Long non-coding RNAs (lncRNAs) are a group of non-coding RNAs that act as regulators of gene expression; they are implicated in various human diseases and have been reported to be involved in the modulation of pain. We aimed to study whether: 1) lncRNAs modifications could be found in an experimental model of pain and 2) there was a correlation between lncRNA changes and laser evoked potential (LEP) amplitude/laser-pain rating. LEPs were recorded from 11 healthy subjects to both left hand and perioral region stimulation. Three consecutive averages were calculated for each stimulation site in order to investigate the LEP amplitude habituation. Blood samples were obtained immediately before LEP recording (pre-pain) and 30-min after the recording of the last LEP average (post-pain). Eighty-four lncRNAs, involved in autoimmunity and human inflammatory response, were screened. The criteria used for lncRNAs analysis were fold change > 2 and p < .05. By Real-Time PCR, we identified 2 lncRNAs up-regulated at the post-pain time, as compared to thepre-pain time: RP11-819C21.1 (fold change = 8.2; p = .038) and ZNRD1 antisense RNA 1 non-protein coding (ZNRD1-AS) (fold change = 6.3; p = .037).
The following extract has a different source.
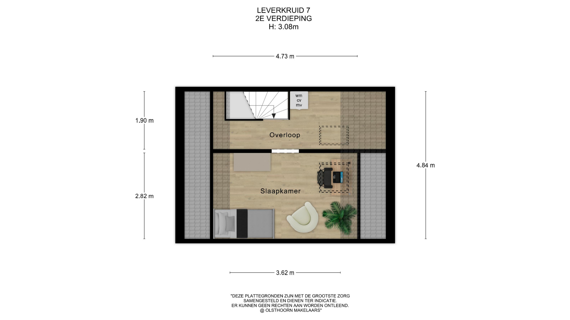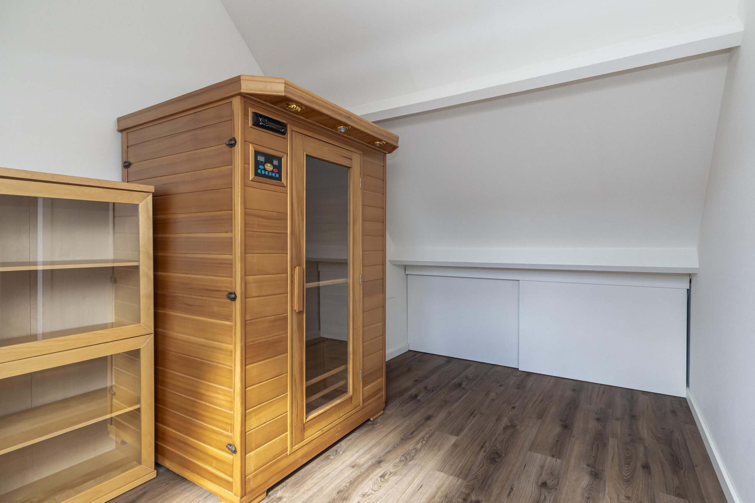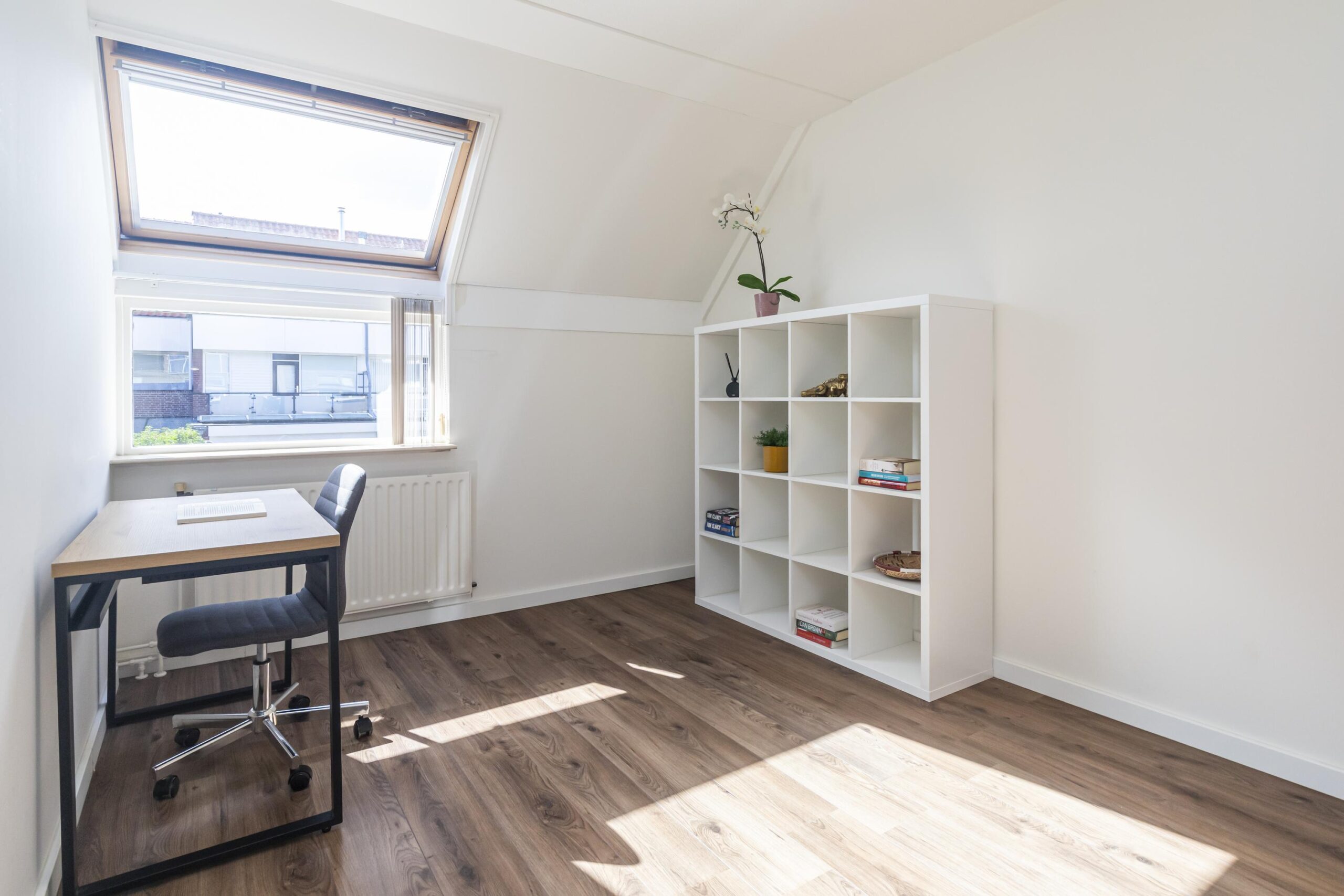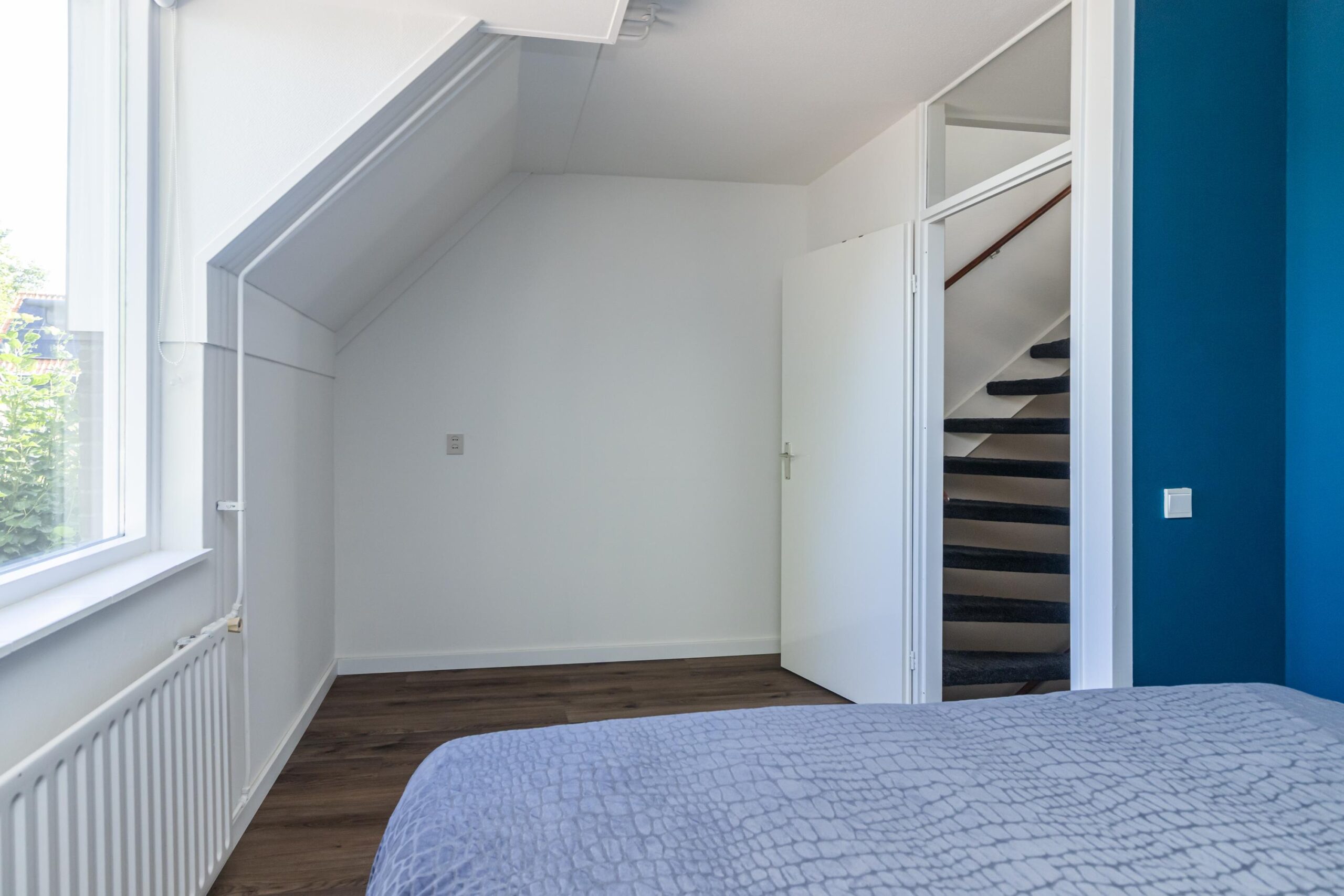De tweede verdieping beschikt over een ruime vierde slaapkamer met volop mogelijkheden. Op de overloop bevindt zich de aansluiting voor wasmachine en droger. Daarnaast is er handige bergruimte achter de knieschotten, ideaal voor het opbergen van spullen die je niet dagelijks nodig hebt.

The ZNRD1-AS up-regulation was directly correlated with the N1 amplitude, while the RP11-819C21.1 increase after pain showed a correlation with the reduced N2/P2 amplitude and laser-pain habituation. This is the first study showing lncRNA changes in a human experimental phasic pain model. The correlation between lncRNA changes and LEP amplitude and habituation suggests that RP11-819C21.1 and ZNRD1-AS could be involved in the pathophysiology of painful diseases characterized by abnormal excitability of the cerebral cortex.